On higher education and a Derry university, students from Northern Ireland benefit from two outstanding universities: Queen’s and Ulster University. We also recognise that many of those who come from Ulster choose to study in other parts of the UK or indeed internationally. While the Northern Ireland Department for the Economy has policy responsibility for higher education in Northern Ireland, universities are independent of government. As such, it is for a university, whether prospective or existing, to decide where to base any new campus. It should be noted that no application has been made from any organisation to establish a university in Derry/Londonderry.
The Government are aware that Ulster University has been for some time considering the development of a graduate medical school, to be located in Derry/Londonderry. This project proposal features heavily in the Derry City & Strabane District Council’s economic regeneration plans for the region. We hope that progress may be made via this route.
On the presumption of non-prosecution, the current system for dealing with the legacy of Northern Ireland’s past is not working well. This needs to change. As my right honourable friend the Prime Minister said recently, it is common ground across all Benches that it is simply not right that former soldiers should face unfair and repeated investigations, with no new evidence, many years after the events in question.
Although we want to find a better way to address these issues, to do so through the presumption of non-prosecution would pose a range of challenges and might not provide a complete solution to the issues at hand. A presumption of non-prosecution in the absence of compelling new evidence, whether in the form of a qualified statute of limitations or by some other legal mechanism, would likely need to be applied to everyone. This would essentially mean that an amnesty or statute of limitations would potentially apply to all those involved in Troubles-related incidents, including former terrorists.
Crucially, implementing these provisions would not remove the obligations under domestic criminal law to investigate serious allegations. Equally, it would also not end the UK’s need to comply with its international obligations under the European Convention on Human Rights, which requires an independent body to carry out Article 2-compliant investigations. To imply that this requirement would not continue would mislead veterans.

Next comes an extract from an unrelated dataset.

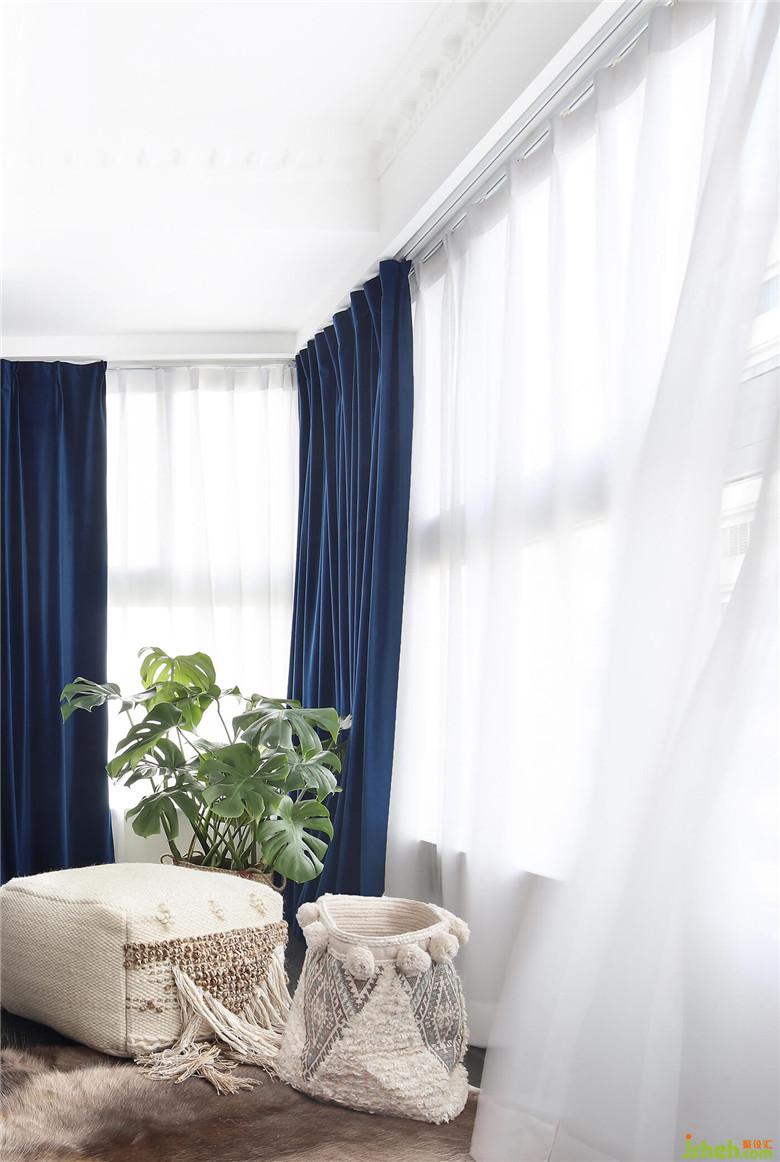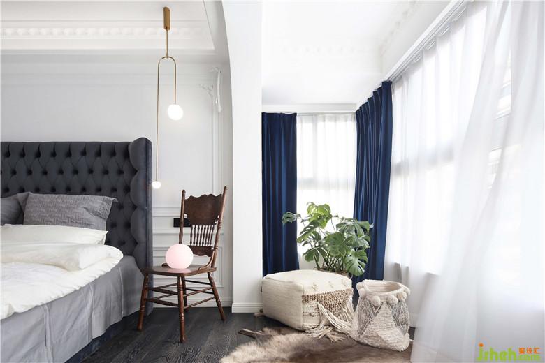 主臥的陽臺作休閑用途,地毯、靠墊和懶人沙發(fā)組成輕松的一角。深藍色絲絨窗簾是復(fù)古優(yōu)雅的外國電影中的印象,沉靜且耐看。一個造型別致、古董樣式的靠背椅當(dāng)做床頭柜也很有趣,只要你喜歡,合不合規(guī)矩都不要緊。

Therefore, the Government continue to drive forward a range of proposals on how best to address the legacy of the past. As part of this, we recently carried out a consultation on a framework of proposals flowing from the Stormont House agreement on how improvements could be made. My right honourable friend the Secretary of State for Northern Ireland will continue to work with partners on all sides to reflect on this feedback and develop an improved system that is fair, balanced and proportionate. This work continues, alongside the Ministry of Defence’s public consultation seeking views on proposed legal protection measures for Armed Forces personnel and veterans serving in operations outside the United Kingdom.
On Troubles prosecution guidance, the UK Government recognise that historic investigations are a complex area and the subject of a range of strongly held views. We have made it clear that the way investigations into the past are carried out needs to be reformed. However, the required reforms are about not how and by whom criminal justice decisions are taken, but rather how we can have a more effective and fairer system.
Noble Lords will of course also be aware that criminal investigations, including legacy cases of Troubles-related incidents, are carried out independently of government. As set out in the update report, the criminal justice system in Northern Ireland is a devolved matter, as are prosecutorial decisions and the guidance that underpins them. In Northern Ireland, as elsewhere, those prosecutorial decisions are made independent of government, just as they are in England and Wales, by the Public Prosecution Service for Northern Ireland under the auspices of the Director of Public Prosecutions for Northern Ireland.
Centrally, the Director of Public Prosecutions for Northern Ireland is not under the superintendence of the Attorney-General for Northern Ireland. This means that, under existing legislation, the Director of Public Prosecutions has a consultative relationship with the Attorney-General for Northern Ireland. The former cannot be compelled by the latter. This particular feature of the relationship between these key figures is an important component of the devolution settlement in Northern Ireland and it is not within the Government’s powers to direct the Attorney-General for Northern Ireland or Director of Public Prosecutions for Northern Ireland.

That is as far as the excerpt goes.